Singer would not have to shoulder the entire challenge alone. Chazelle planned to give the movie powerful imagery of space travel to coincide with Armstrong's internal struggle, including incredible visuals of the moon landing shot on IMAX cameras. Then there's Gosling as Armstrong, who had already built a style of acting where he could give an emotional performance without saying much at all.
But Singer was still tasked with building a script that would be the road map for everyone to follow.
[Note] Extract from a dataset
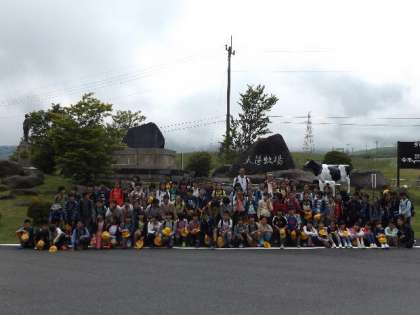 食後,まず,6年生全員で集合写真を撮りました。空には雲が多く,半袖では寒い感じでした。

And he admitted that at a few points during writing he fell into the trap of embellishing real-life moments, and paid the price for doing so.
He recalled the scene when Armstrong gets a phone call about the Apollo 1 fire, which killed all the astronauts on board, including his good friend Ed White.
"Literally Damien and I talked about mimicking what was done in 'Goodfellas' where De Niro slams the phone handle on the receiver after getting word that Joe Pesci's character was killed," Singer said.
He wrote the scene with Armstrong showing De Niro-like emotion over the news of his friend's death. He then gave it to the author of the Armstrong biography, James Hansen, to read.
"He said, 'Neil would never have done that!'" Singer recalled. "So we wound up having this moment where you see Neil go dead in the eyes and you look down and he's literally broken the glass he was holding and he's bleeding. It's like you see how hard he's trying to contain himself in that moment. And with that Jim said, 'OK, maybe I could buy that.'"
Throughout the four years of researching and writing the script, Singer had to do a balancing act of making "First Man" a thrilling story but also true to those who knew Armstrong. He spent months with people involved at NASA at the time of the space race, former astronauts, and spoke with the Armstrong family.
"I just felt a huge responsibility to get it right," he said.
But he and Chazelle also wanted to show just how hard it was to get to the moon.
"The myth is that these were superheroes that got there easily," Singer said. "The truth is this is actually very hard and they were ordinary men and women who sacrificed a ton to get there."
Singer said that was one of the big things that upset him most about the controversy around the movie about not having a scene wherein the American flag is planted on the Moon. That specific shot is not needed, Singer said, because the entire movie is a look at patriotic sacrifice.
"To be perfectly honest, I can understand why people who haven't seen the film are questioning why that isn't there, but if you see the film you understand why," he said. "The film is so deeply patriotic to begin with it's not necessary. We also don't have the call to Nixon. We're trying to get under the myth."
And those who know the history of American space travel and Armstrong's story believe "First Man" has done just that.
Singer recalled the reaction of one well-known space expert, Robert Pearlman, after seeing the movie.
"When he saw Neil crying after his daughter's death he said he realized he was going to have to totally rethink everything he knew about Neil Armstrong," Singer said.
Singer said the best feeling about doing these "based on a true story" scripts is that the attention to detail is so refined that even those close to the material get something out of it.
"To get to that level of detail and get it right, that to me is the ultimate," Singer said. "It can function as more than a movie, it becomes a contribution to how we think about something. Whether it's the Catholic Church or journalism or how we think about space."